Aim:Surgery alone is not an adequate treatment option for brain metastases due to high local recurrence rates, therefore adjuvant radiotherapy is recommended. Because of the concerns about deterioration in neurocognitive functions with adjuvant whole brain radiotherapy (WBRT), and difficulties in target delineation and increased risk of radionecrosis (RN) and leptomeningeal dissemination with adjuvant stereotactic radiosurgery (SRS); pre-operative SRS has emerged as an alternative strategy which is anticipated to overcome these challenges.

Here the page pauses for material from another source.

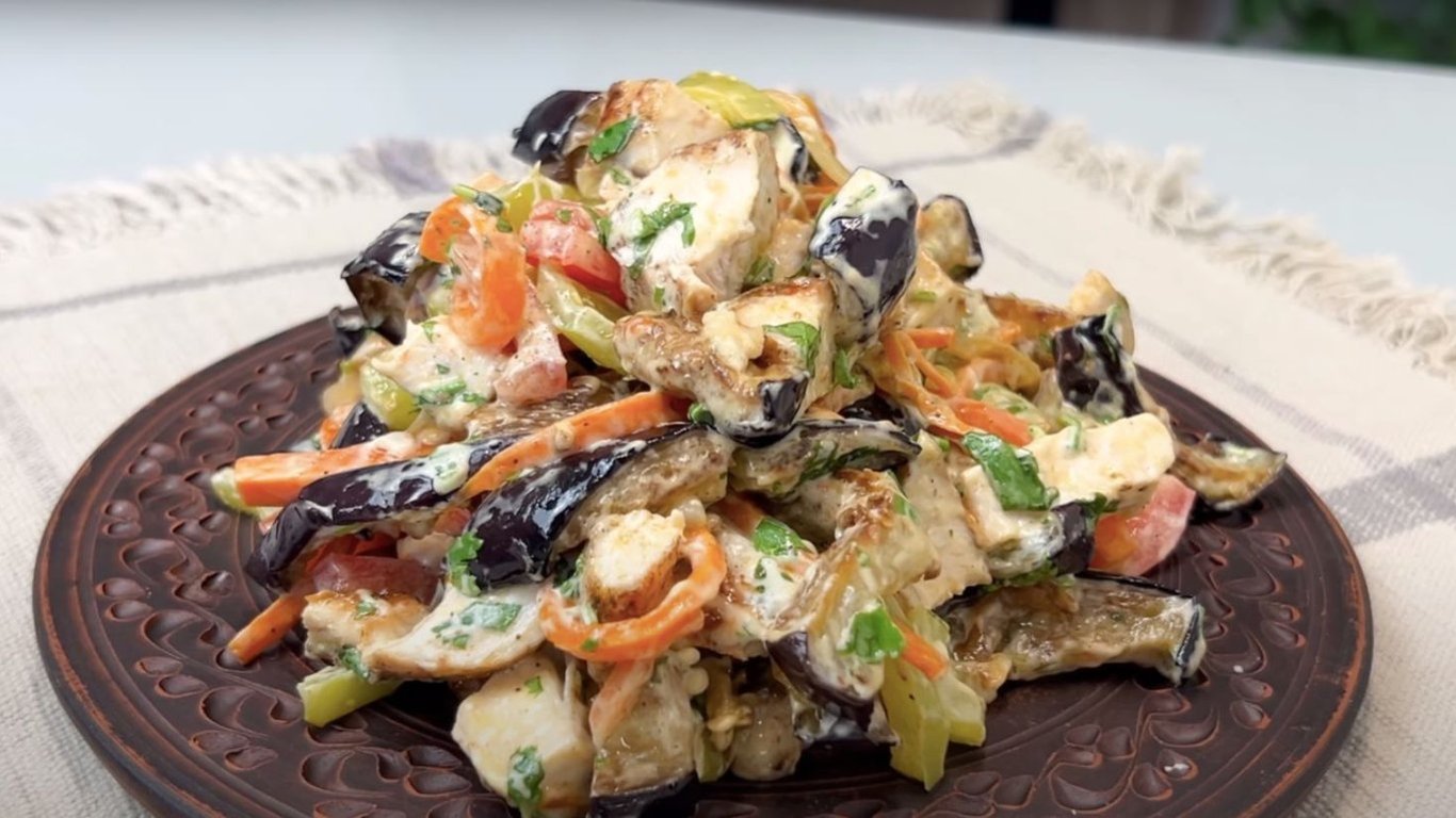 Сезонний баклажановий салат з грузинськими нотами — овочева страва з куркою
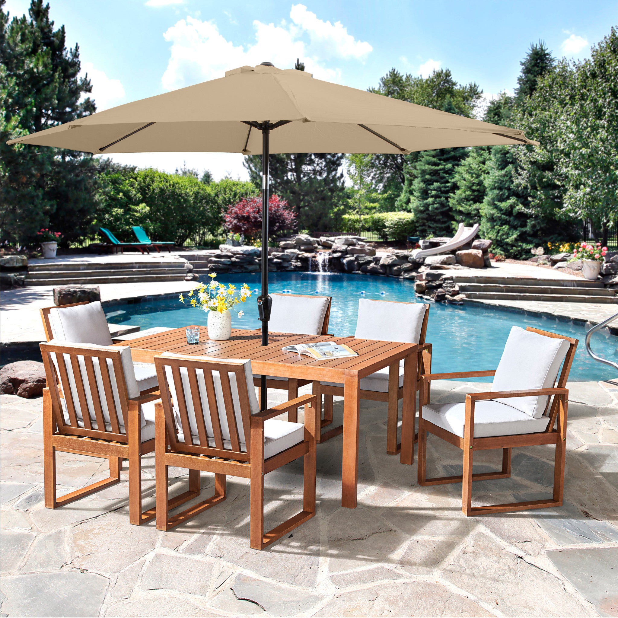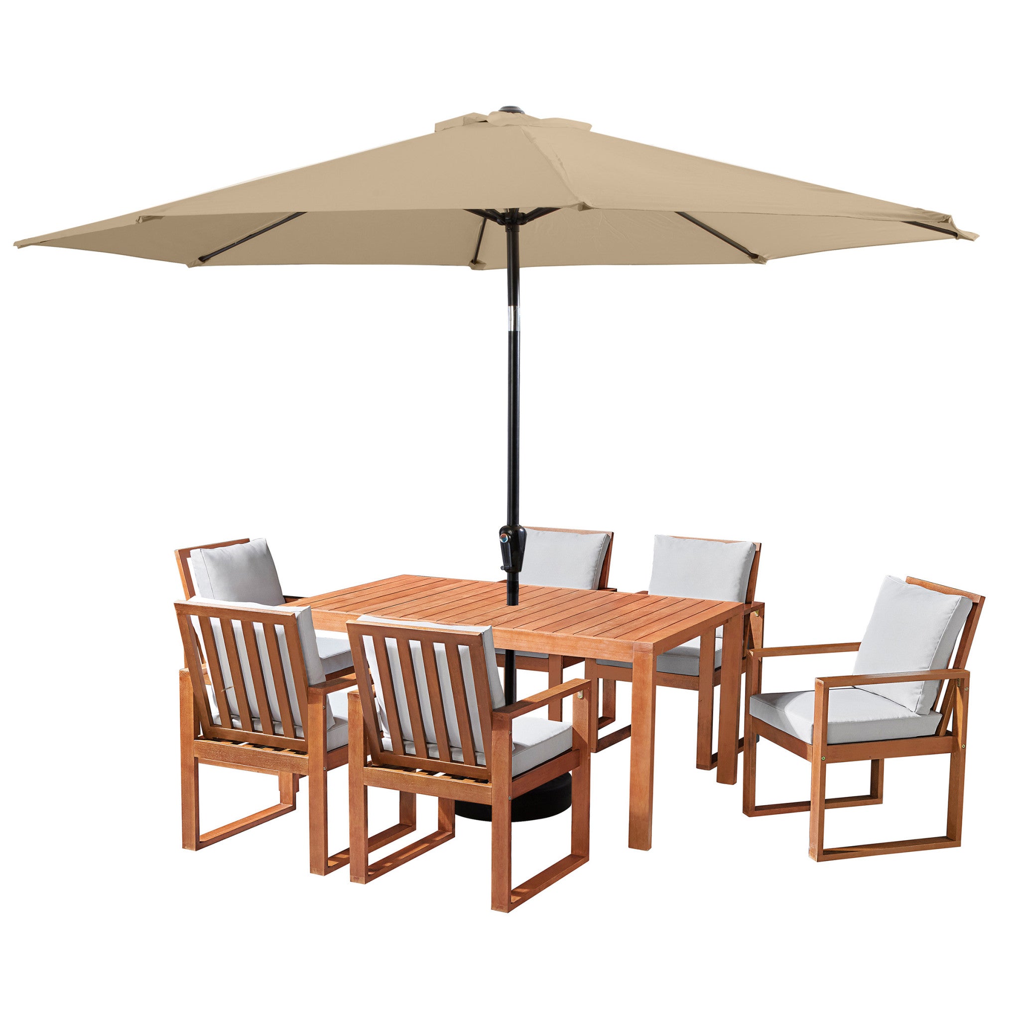 Gather with friends and family to enjoy conversations or meals outside with this stylish wood outdoor 8-piece dining set. Frame is made from durable eucalyptus wood that will stand up to varying weather conditions, and the generously padded all-weather chair cushions will provide luxurious comfort all day long. The neutral wood finish and gray colored cushions will easily match with any accent pieces in your outdoor space. The 10-foot patio umbrella with auto tilt will protect your family and friends from the sun providing the perfect outdoor entertainment space!

Material and Methods:We identified 18 patients who underwent preoperative SRS in our clinic between 2015 and 2021. Two patients were lost to follow-up and therefore were excluded from clinical outcome analyses. SRS was administered using the CyberKnife system.
Results:The median volume of index lesion was 14,19 mL (range 3,13-40,84). SRS was performed in median 1 fraction (range 1-2) to a median prescription dose of 15 Gy (range 12-17). Gross total resection was achieved in 14 (77.8%) patients. The median follow-up was 15 months (range 1-87). Median cancer specific survival (CSS) was 31 months. 6-, 12- and 24- months local control (LC) rates were 91%, 79% and 68%, respectively. Better gross tumor volume coverage was associated with better LC (p:0,01). 6-, 12- and 24- months distant brain control (DBC) rates were 82%, 58% and 47 %, respectively. Infratentorial location of index lesion was associated with worse DBC (p:0,026). None of the failures were in the pattern of leptomeningeal dissemination (LMD). Grade IV symptomatic RN was reported in a single case. Three patients experienced fatal (grade V) post-operative complications.
Conclusion:Preoperative SRS approach, which provides the advantage of low rates of RN and LMD, is a meritorious alternative strategy in the treatment of brain metastasis. Care must be given to better assessment of surgical mortality and the selection of appropriate patients for this treatment approach.